# considering air suspension + a bit of a sagging suspension?



## stevegos (Jun 23, 2013)

Hi. I am considering fitting air suspension to my 1998 Burstner i572 which is on a Fiat Ducato chassis (not ALKO) with leaf springs.

I have noticed that the suspension on the right side has sagged about 2cm compared to the left. Measured using the space below the stop bump (1cm on right, 3cm on the left). I'm no expert but assume the right leaf spring has sagged a little. I haven't noticed any degredation in ride when driving but would be interested to know if the 3cm gap I have on the left is normal or if that too is lower than normal.

I'm not too fussed about having an on-board compressor so a gauge and footpump attachment would suit me fine.

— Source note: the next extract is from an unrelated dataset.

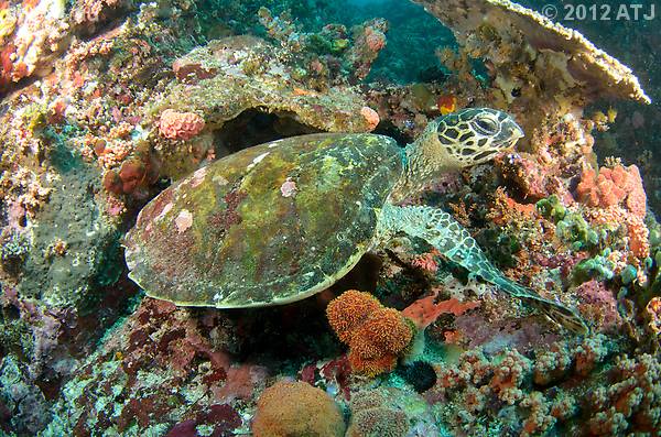 Hawksbill turtle, Erectmochelys imbricata. 12.2 m. |

I hear great things about air suspension and have a few questions:

1. Does the air bag replace the leaf springs or sit along side them?
2. Do they replace the stop bump as it seems a great place for them.
3. Are they reliable? Do they burst or go down?
4. Do they smooth out the normal ride quality or just give better stability? or both?
5. Do owners have to adjust the air pressure that much or are they pretty much fit and forget?
6. Assume the air suspension is normally fitted the the rear?
7. Is this classed as a modification so need to tell insurance company?
8. Whats difference difference between air suspension and air assist?
9. Can the basis systems be fitted yourself?

There appears to be several different makes and systems around: airride, dunlop, glide rite, AS, full air, semi air, etc. What do people recommend?

Rough idea of costs for different systems?

All help greatly appreciated.

Steve


----------



## Techno100 (May 8, 2010)

http://www.motorhomefacts.com/ftopict-120435-.html


----------



## TheNomad (Aug 12, 2013)

Or as an alternative to air-assists, you could maybe consider coil spring assisters:- essentially twin coil springs that sit between the rear axle and where the rubber bump stops are at the moment - cheaper, fit and forget, but not adjustable.

I've fitted them to 2 of my previous motorhomes, ( they are a doddle to self-fit if you are a reasonable DIY mechanic) and have been really pleased with the transformation in ride height and handling.

http://www.springassisters.co.uk/KR6102 INST.pdf


----------



## Brownfools (Sep 15, 2008)

Steve,
I have posted a review on our website. There's a link about two thirds of the way down the homepage.
www.brownfools.co.uk

David.

Edit: We did inform our insurance company at renewal. They added 77p to our annual premium!

D.


----------



## Pudsey_Bear (Sep 25, 2008)

Our Laika was always on the bumps stops, I asked and it appears normal for quite a few vans on the fiat chassis, one year I took it to an ambulance station for it's MOT and they said all ambulances are like that from the factory, The Laika handled very well, so I left it as is.

You can get springs retensioned, but it's best to do both sides together.


----------



## Gretchibald (Jul 22, 2011)

1. Does the air bag replace the leaf springs or sit along side them? --beside them
2. Do they replace the stop bump as it seems a great place for them. -- replace the bump stops
3. Are they reliable? Do they burst or go down? - reliable
4. Do they smooth out the normal ride quality or just give better stability? or both? - both
5. Do owners have to adjust the air pressure that much or are they pretty much fit and forget? -- pretty much forget.
6. Assume the air suspension is normally fitted the the rear? - yes.
7. Is this classed as a modification so need to tell insurance company? Don't know but would anyway.
8. Whats difference difference between air suspension and air assist? - the springs are still there in air assist.
9. Can the basis systems be fitted yourself? - easily, unless you want an air comp. fitted and in cab control ,then requires a bit more expertise.


----------



## stevegos (Jun 23, 2013)

Many thanks for all your help and advice.

Steven


----------